Dans les années 1990, François Gross reprend la rédaction en chef de Radio Suisse internationale à Berne, et devient président de la section suisse de Reporters sans frontières. Journaliste de renom, il a enseigné à l’institut de journalisme de l’Université de Fribourg. Depuis 1996, il devient chroniqueur pour différents médias, dont L’Echo Magazine.
«En juin 2005 paraissait le premier Trait libre de François Gross», écrivait Patrice Favre, rédacteur en chef de l’Echo Magazine, le 10 décembre 2015. Jusqu’en octobre dernier, il «n’a cessé de dénoncer ceux qui puisent dans les bas-fonds racistes de l’âme humaine, le Front National en France ou l’UDC en Suisse. Pour François Gross, ce sont les ‘adeptes d’une idéologie nauséabonde'».

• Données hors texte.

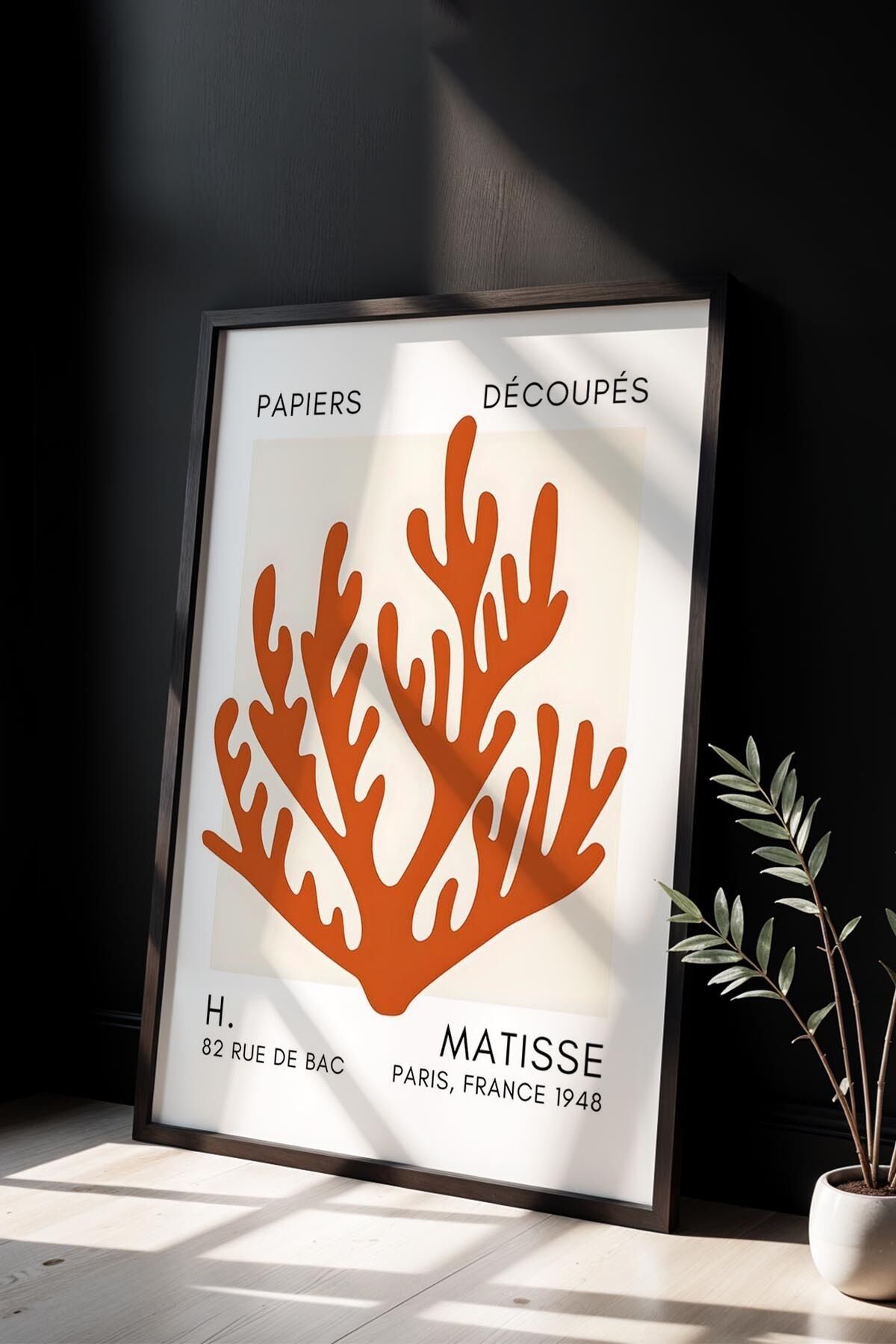 SİYAH - Botanik Serisi Turuncu Çiçekli Matisse Doğal Ahşap Çerçeveli Duvar Tablosu

«Ses traits (libres) les plus acérés, il les a décochés contre les banquiers et les puissances de l’argent, poursuit Patrice Favre. Il avait pour le capitalisme financier aujourd’hui triomphant le mépris d’un Emile Zola et les colères de Léon Bloy. Plus d’une fois, dans ces chroniques, il a critiqué les louvoiements d’un parti portant le «C» de chrétien dans son étiquette. Marqué par son enfance catholique à Lausanne, alors cité protestante, l’ancien rédacteur en chef s’est toujours méfié des amitiés incestueuses entre le trône et l’autel et il vomit tous les intégrismes. Mais il apprécie le pape François et a plus d’une fois regretté qu’il soit ‘plus applaudi qu’écouté».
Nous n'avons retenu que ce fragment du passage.